__Exercise__: Copy the material below verbatim from the line with "- Magnetic Bobby" to the line with "佣金与技能:高佣金店员拥有更", both lines included, omitting pictures and every line outside that range.

__Exercise material__:

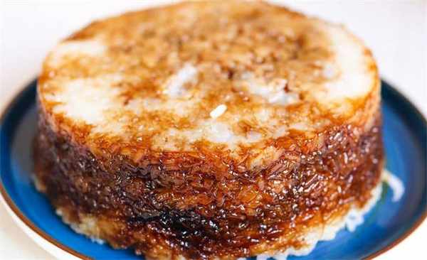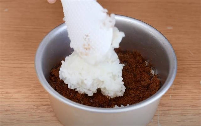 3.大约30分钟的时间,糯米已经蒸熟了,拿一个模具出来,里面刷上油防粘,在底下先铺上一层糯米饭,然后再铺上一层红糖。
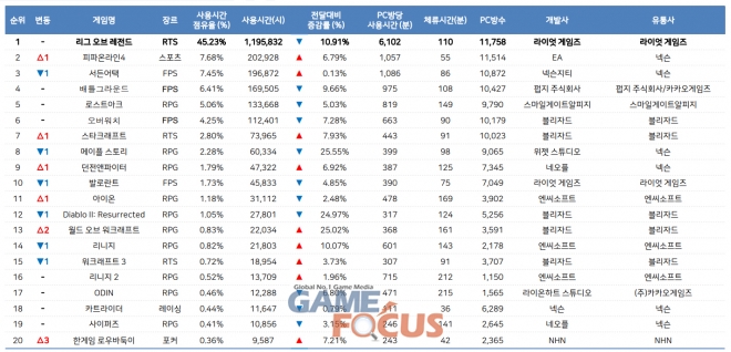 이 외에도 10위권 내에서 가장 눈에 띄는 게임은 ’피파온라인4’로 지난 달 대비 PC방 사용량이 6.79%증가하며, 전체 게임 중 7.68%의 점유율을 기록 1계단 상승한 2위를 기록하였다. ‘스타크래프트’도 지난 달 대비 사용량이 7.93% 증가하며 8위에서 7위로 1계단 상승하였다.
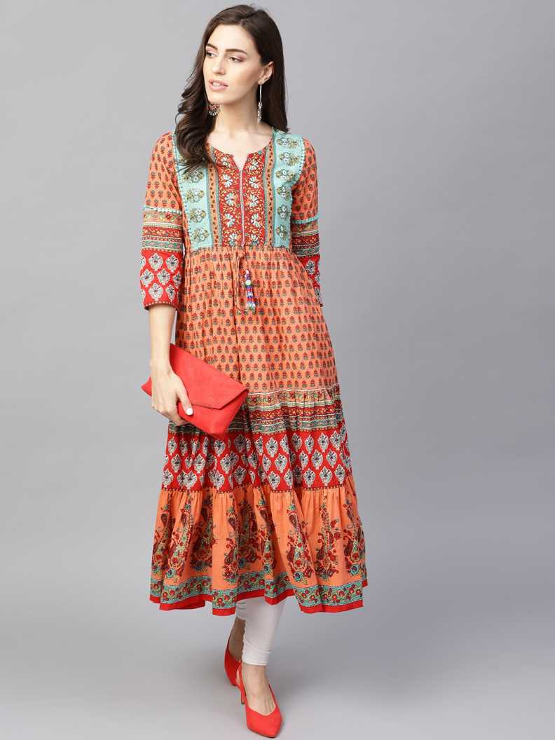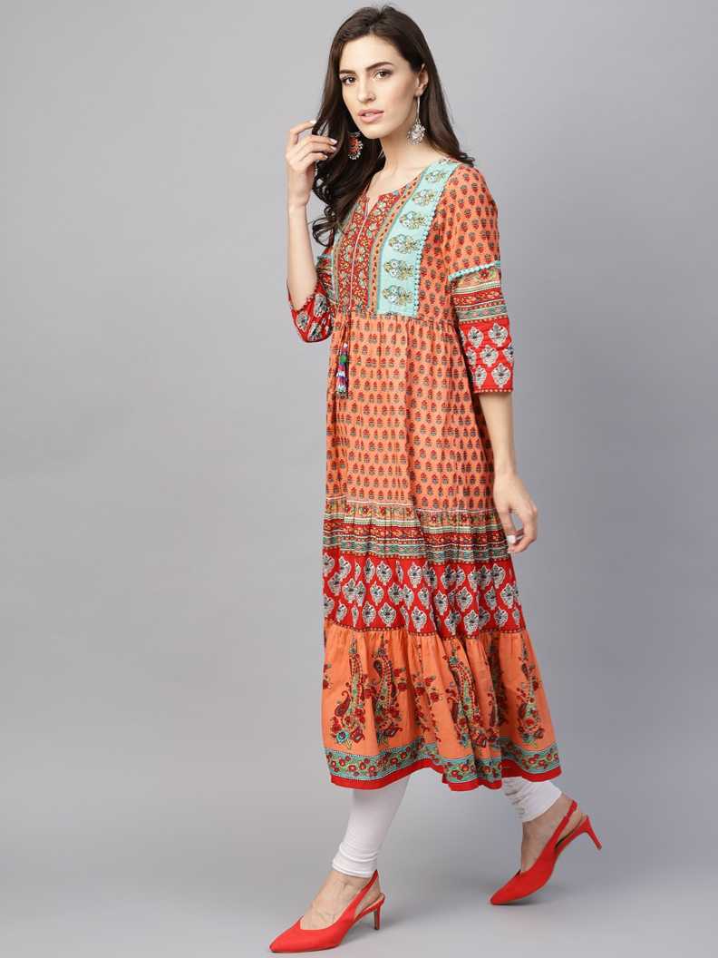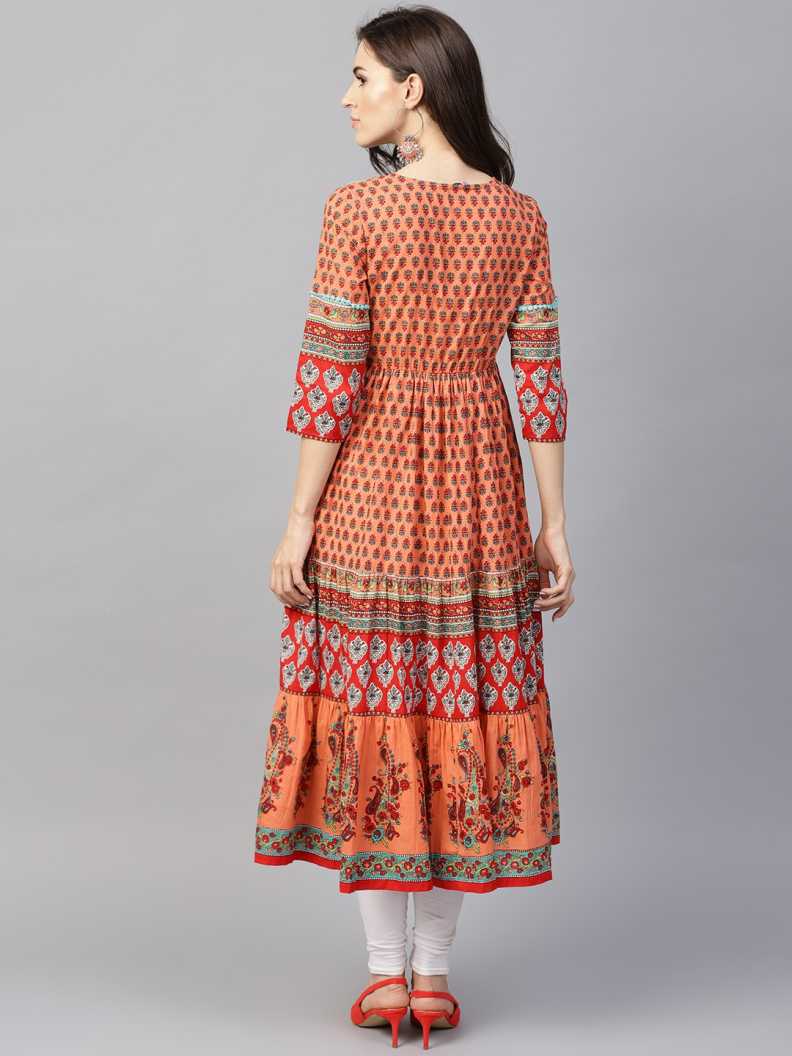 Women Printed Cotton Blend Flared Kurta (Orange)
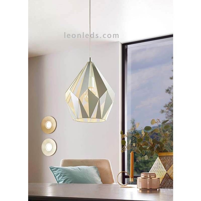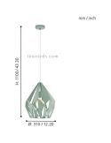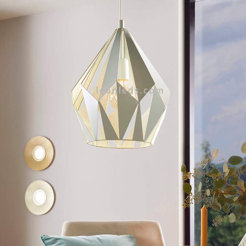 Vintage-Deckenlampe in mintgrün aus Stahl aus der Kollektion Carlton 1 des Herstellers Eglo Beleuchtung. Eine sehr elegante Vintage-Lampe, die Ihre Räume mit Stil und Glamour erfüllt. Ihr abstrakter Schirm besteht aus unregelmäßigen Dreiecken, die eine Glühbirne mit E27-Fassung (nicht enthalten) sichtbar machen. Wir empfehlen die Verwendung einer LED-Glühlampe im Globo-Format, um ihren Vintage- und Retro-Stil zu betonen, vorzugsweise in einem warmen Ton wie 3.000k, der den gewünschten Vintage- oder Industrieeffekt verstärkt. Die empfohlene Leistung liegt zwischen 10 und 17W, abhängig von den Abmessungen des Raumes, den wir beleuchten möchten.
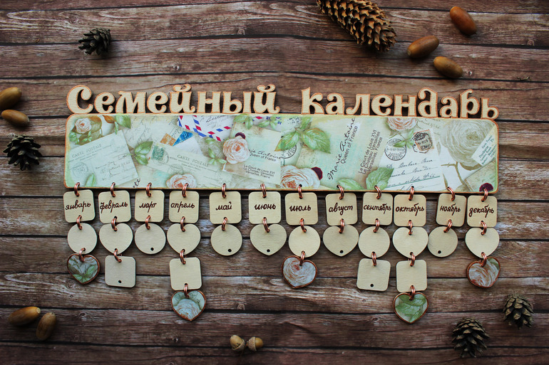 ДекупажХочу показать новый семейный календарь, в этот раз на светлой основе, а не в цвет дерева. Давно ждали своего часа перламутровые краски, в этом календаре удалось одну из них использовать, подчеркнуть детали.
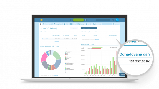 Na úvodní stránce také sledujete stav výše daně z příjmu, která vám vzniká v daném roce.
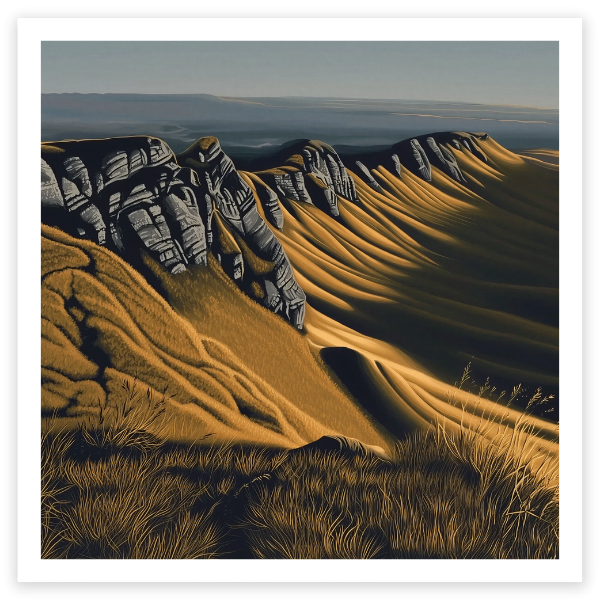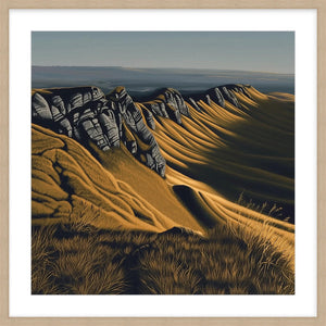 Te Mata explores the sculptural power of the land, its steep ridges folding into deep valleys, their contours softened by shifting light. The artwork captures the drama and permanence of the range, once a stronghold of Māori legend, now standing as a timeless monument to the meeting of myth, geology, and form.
...
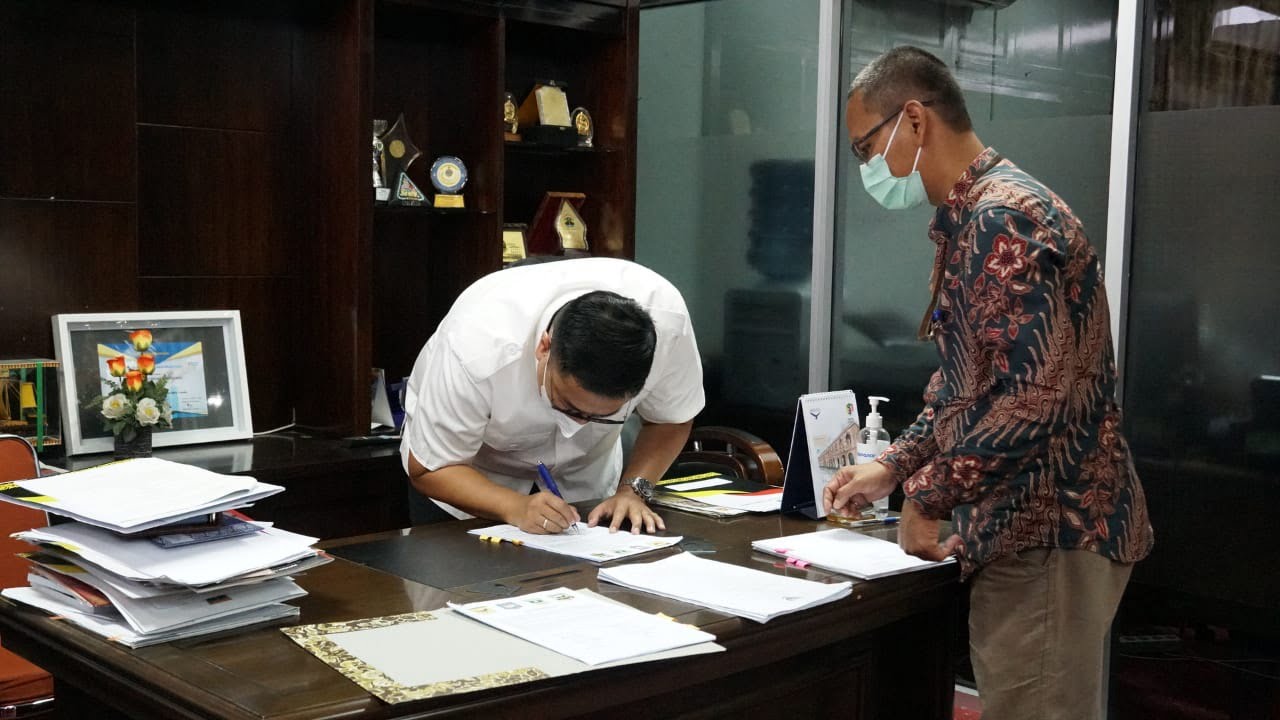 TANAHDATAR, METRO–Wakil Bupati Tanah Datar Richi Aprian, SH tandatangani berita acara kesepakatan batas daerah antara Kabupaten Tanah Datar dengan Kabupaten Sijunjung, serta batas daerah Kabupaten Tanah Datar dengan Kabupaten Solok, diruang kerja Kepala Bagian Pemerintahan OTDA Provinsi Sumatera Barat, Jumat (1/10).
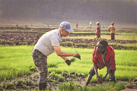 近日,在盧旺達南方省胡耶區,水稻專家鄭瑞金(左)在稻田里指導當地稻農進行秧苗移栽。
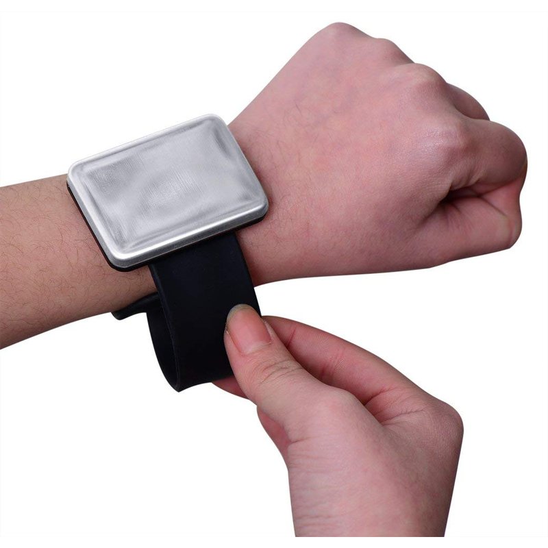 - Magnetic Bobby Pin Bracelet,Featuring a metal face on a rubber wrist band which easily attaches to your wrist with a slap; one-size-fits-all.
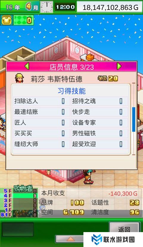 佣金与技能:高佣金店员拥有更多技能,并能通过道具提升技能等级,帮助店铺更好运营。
* * *
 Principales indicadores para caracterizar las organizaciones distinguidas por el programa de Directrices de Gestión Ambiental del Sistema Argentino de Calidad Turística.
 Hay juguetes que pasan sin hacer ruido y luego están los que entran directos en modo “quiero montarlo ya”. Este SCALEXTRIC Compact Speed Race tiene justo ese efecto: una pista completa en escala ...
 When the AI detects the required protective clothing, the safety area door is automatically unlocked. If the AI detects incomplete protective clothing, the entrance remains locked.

__Answer__:
 - Magnetic Bobby Pin Bracelet,Featuring a metal face on a rubber wrist band which easily attaches to your wrist with a slap; one-size-fits-all.
 佣金与技能:高佣金店员拥有更多技能,并能通过道具提升技能等级,帮助店铺更好运营。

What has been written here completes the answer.